If the method is offered through expert testimony, yes. FRE 702, amended December 1, 2023, requires the proponent to show by a preponderance that the testimony rests on reliable principles and methods and reflects a reliable application of those methods to the facts of the case. Daubert v. Merrell Dow Pharmaceuticals (509 U.S. 579, 1993) gives courts five gatekeeping factors, including whether the technique can be tested and its known or potential error rate. AI struggles most on error rate and reproducibility - a rules-based detection score with a 60-85% false-positive rate hands the opposing expert the error-rate argument. A defined, deterministic, phase-structured investigation with logged reasoning is testable and reconstructable for the specific claim. Note that some states still apply the Frye general-acceptance standard instead.

### How does using AI in claims handling affect bad-faith exposure?

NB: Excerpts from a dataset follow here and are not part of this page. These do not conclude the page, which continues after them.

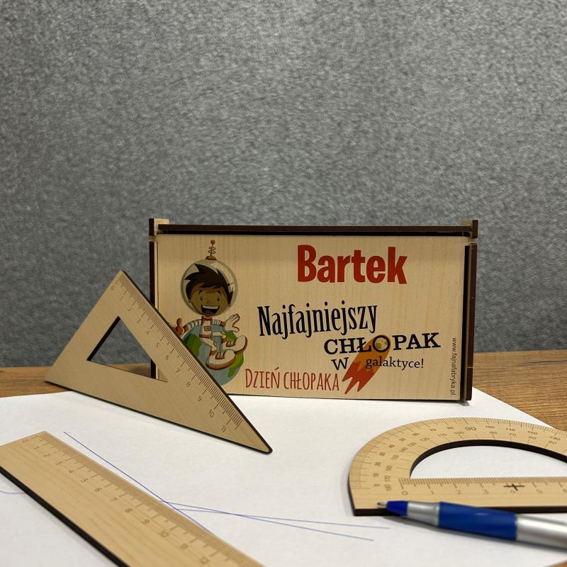 Funkcjonalny, kolorowy i estetyczny zestaw geometryczny to wyjątkowy prezent, który ucieszy każdego ucznia z okazji Dnia Chłopaka. W komplecie znajdują się podstawowe przybory matematyczne – linijka, ekierka oraz kątomierz – ozdobione grafikami tematycznymi i napisem „Dzień Chłopaka 30 września”. Wszystko zapakowane jest w trwałe, drewniane pudełko z imieniem chłopaka, które można wykorzystać również jako piórnik.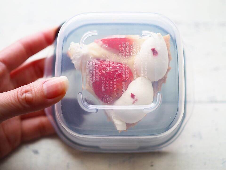 冷蔵庫でもコンパクトに収納できて、スポンジやクリームが乾燥してパサパサになってしまうのを防げます♪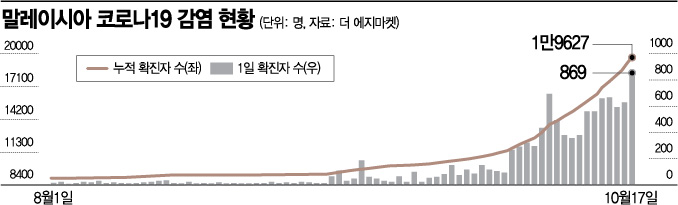 정부 당국의 이런 조치는 최근 신규 확진 사례가 급증하면서 나오게 됐다. 현지 언론은 월드오미터를 인용해 말레이시아의 코로나19 신규 확진자가 연일 사상 최고치를 경신하고 있다고 보도했다. 월드오미터에 따르면 하루 확진자는 17일 869명으로 최고치를 기록한데 이어 다음날인 18일에는 871명으로 하루만에 신기록을 갈아치웠다. 말레이시아키니는 "10월부터 하루 600명이 넘는 신규 코로나19 환자가 발생하면서 3차 확산이 본격화됐다"고 전했다.

It cuts both ways. Under the NAIC Unfair Claims Settlement Practices Act (Model #900), an insurer must adopt reasonable standards for the prompt investigation of claims and cannot refuse to pay without a reasonable investigation. AI that fully investigates flagged claims in hours rather than weeks, and lifts coverage from roughly 25% to 100% of flags, strengthens the reasonable-and-prompt-investigation defense. The danger is the opposite pattern. In Lokken, the bad-faith theory was that claim handling was dominated by automated outputs despite promises of individualized expert or professional review. AI used to replace individualized judgment, with weak override governance, fuels an unreasonableness argument. The defensible design is a documented human sign-off on a finding the reviewer could actually read and override.

### What records should an insurer keep to defend an AI-assisted claim decision?

Keep a contemporaneous, per-decision audit trail: the sources the investigation drew on, the reasoning that connected them, timestamps, the model or phase version used, and a visible record of the human reviewer's sign-off or override. This is what lets a custodian or SIU lead lay the FRE 803(6) foundation, satisfies FRE 901(b)(9)'s produces-an-accurate-result requirement, and supplies the testability a Daubert inquiry wants. It is also what a litigation hold now has to preserve - model-call logs and prompts are discoverable artifacts, so retention has to be designed in, not left ephemeral. National Law Review commentary advises insurers to be ready to document AI training, policies and procedures, bias auditing, and output monitoring. A system that is audit-trail-native by design produces these records as a byproduct of running.

### Is a fraud-detection score enough to defend a claim denial in court?

Generally no. A detection score from a tool like FRISS, Shift, or Verisk tells you a claim is suspicious; it is not, by itself, a documented investigation. Detection sits upstream; investigation sits downstream. The score's model features are rarely reconstructable as a per-claim decision trail, so you cannot easily authenticate it under FRE 901(b)(9) or rebut a trustworthiness challenge under FRE 803(6)(E), and the high false-positive rate invites a Daubert error-rate attack. Under Model #900, a denial needs a reasonable, individualized investigation, not just a flag. The defensible artifact is the downstream investigation that takes the flag and produces a reconstructable finding the carrier acted on. Detection and investigation are complementary layers; carriers run both, and only the investigation layer produces the record a court tests.